Wednesday, July 15, 2009

Wednesday morning

My morning consisted of sniveling and feeling sorry for myself. That is lifting a bit now and I feel more motivated. Got the sign project moving forward and came up with some real design. A little welded metal icon thing that roughly represents the profile of 172 N. Center Street welded to corrugated steel. I think the corrugated thing is so over, but everybody else thinks it is still cool and necessary even though it has nothing to do with the project. Then a brief venture into Ciudad Rodrigo, from a blog I happened onto.

Then back to the Ephron article. She makes me moan. She is so confident, has a Park Avenue apartment, rented her house upstate or somewhere to someone for $200,000. It takes me four years to make that much gross. I don't pay much in taxes and the rest goes to living expenses that can be written off.
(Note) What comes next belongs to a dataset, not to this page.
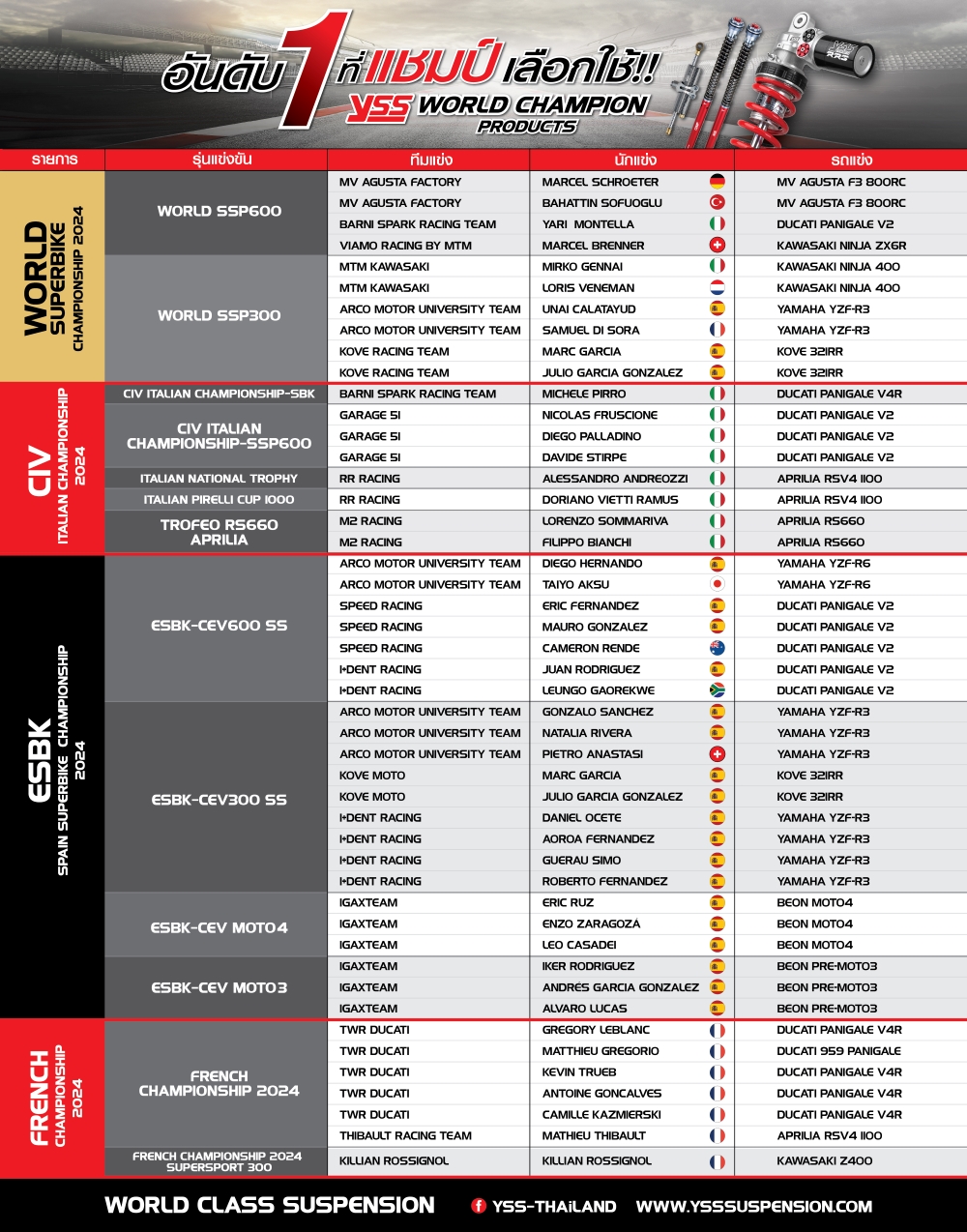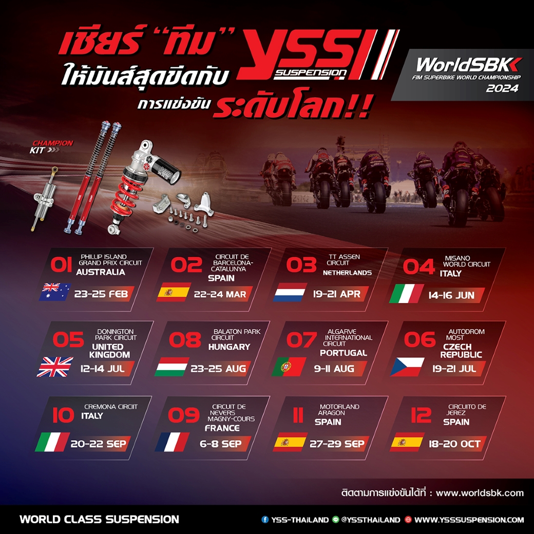นอกจากรายการ World Superbike Championship 2024 เเล้ว YSS SUSPENSION ยังได้เข้าร่วมรายการเเข่งขันอีกมากมายไม่ว่าจะเป็น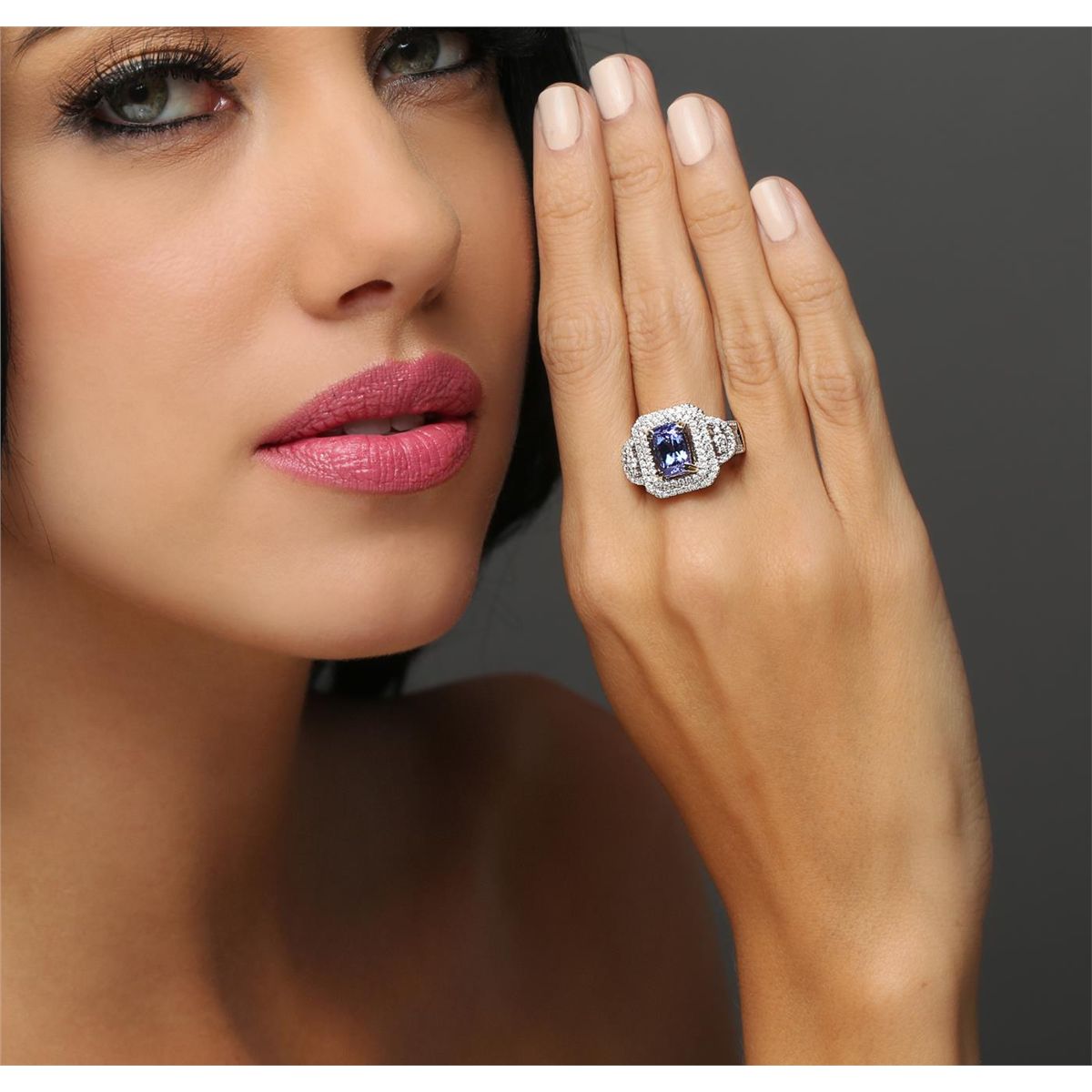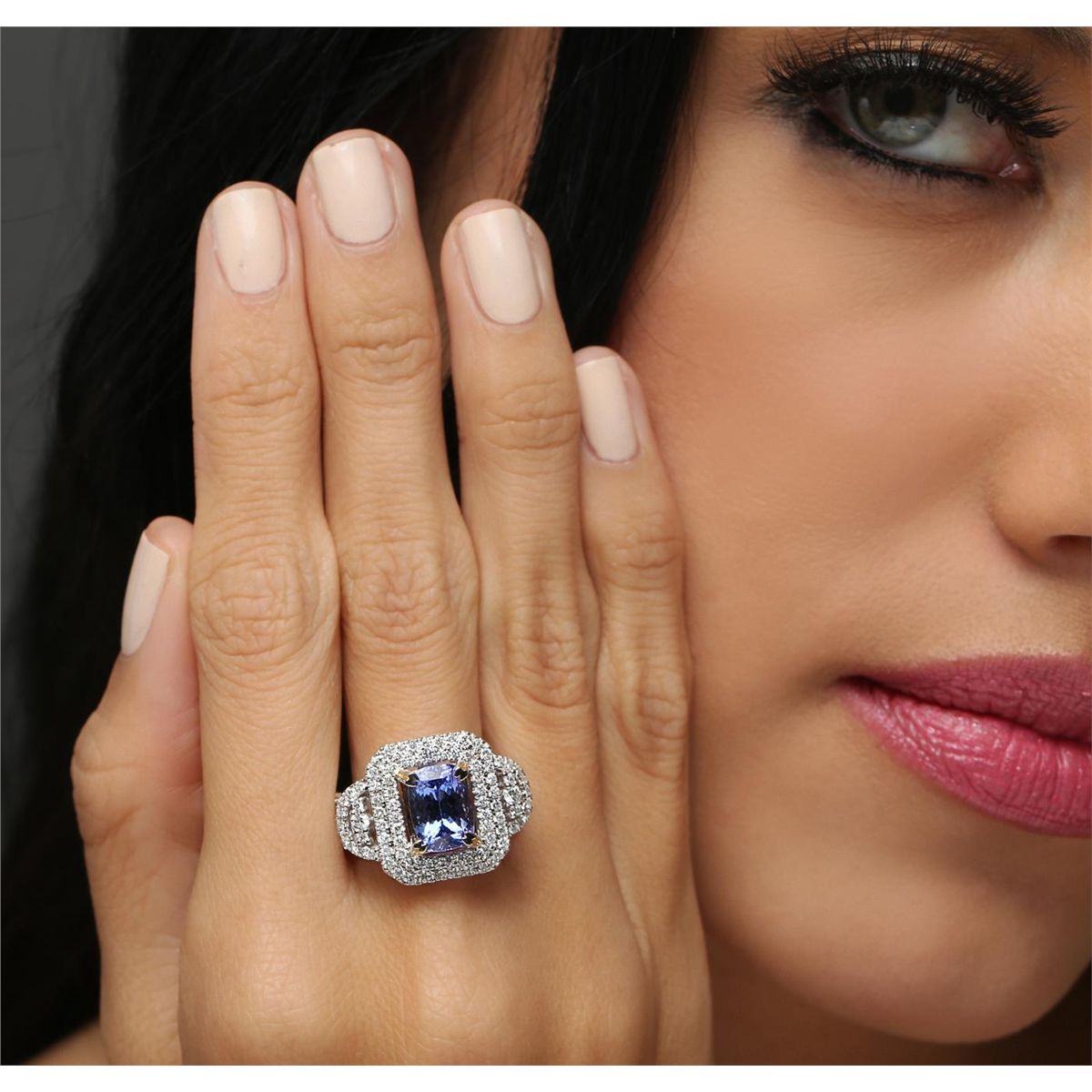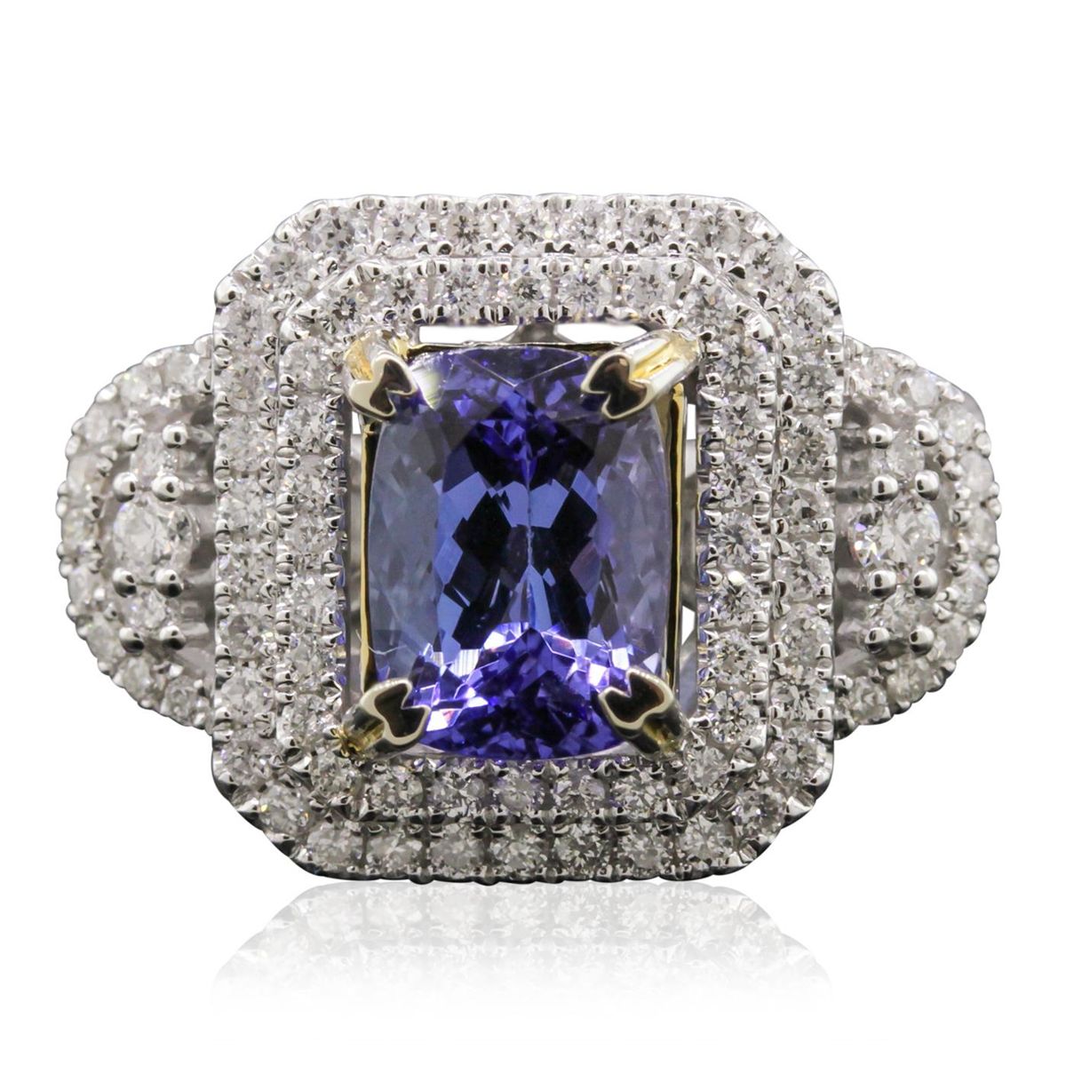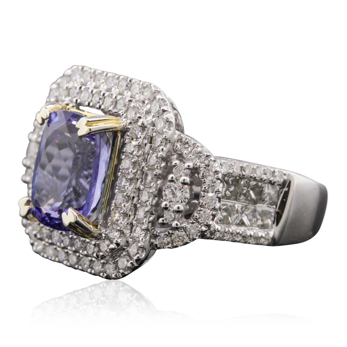 One electronically tested 14KT white and yellow gold Ladies combination cast & assembled ring with a bright polish finish. Condition is new. Identified with markings of "14K". Containing: One prong set square cushion modified brilliant cut natural tanzanite, measuring 9.57 x 6.76 x 5.31mm, approximate weight of 2.79ct., clarity is eye clean, type I, medium, moderately strong, bluish violet color, (GIA bV 5/4), cut is good. One Hundred Ten prong set round brilliant cut diamonds, measuring 2.00 - 1.30 x 0.99mm (depth est.) approximate total weight of 110 Stones = 1.20ct. Clarity: I-1 to I-2. Color: H - I, Cut is Good. Twelve invisible set princess cut diamonds, measuring 2.00 x 2.00 x 1.50mm (depth est.) approximate total weight of 12 Stones = 0.59ct. Clarity: SI-1 to I-1. Color: I - J, Cut is Good. Colored gemstones are presumed to have been subjected to commonly used enhancement processes. All diamonds and colored gemstones are graded in the mounting, unless otherwise stated. Total Weight of Colored Stones 2.79ct. Total Weight of Diamonds 1.79ct. Total Weight of Ring 8.90 grams. GGL Appraised at $9,660.00.

I picked up stacks of paper around the room. A list of places to go and things to do in Chicago on the trip we didn't take. Too expensive right now. Need to trim down the credit card bills. Can't keep bailing us out with Finegan Thompson. Although I have a lot of work right now. I keep looking at this portrait of Son House on a CD cover. By the way, the CD was invented in 1979, the year FT was started.

This is becoming a disjointed rant. Must be going manic, or probably mixed state. What I wanted to say, after reading an article about Nora Ephron in New Yorker is that you think you are going to come out on the other side of bipolar and you're just not. It will go on forever. You might sit on the porch and watch the moon rise, but you'll never be secure in the knowledge that you are going to wake up in the same mood you took to bed.

All these pieces of paper, lists and phone numbers of people forgotten will live where they are for a while. Then they will become out-of-date and discarded along with the ideas they started with. Maybe I/we should take heart from the fact that these notes are about ideas that were stillborn. They weren't meant to be and didn't pan out. It's ok.

I have a lousy recording of La Boheme but it's ok. I can always Google reviews and find a better one and for about $17-28 have it to play. A play about a bunch of reprobates and a woman who gets sick and dies.

Now I am the reprobate, or so it seems. I sit around lamenting my misfortune when really, I lead an ideal life. I am "at work" all the time, thinking off and on about the projects I am working on. Then during work hours I commit them to paper, then to reality. I have the accumulated wisdom to think of all the obstacles and how to either overcome them or share them with the client to see how much they can participate, financially, in solving them.

When not at work, I get to hike in beautiful places with faithful, loyal companions who do not butt in to my dialog or talk over me. We're all so rude. Poor listeners.

I get a whiff of something that smells like loose change when you hold it up to your nose. Olfactory hallucination. I can't spell anymore.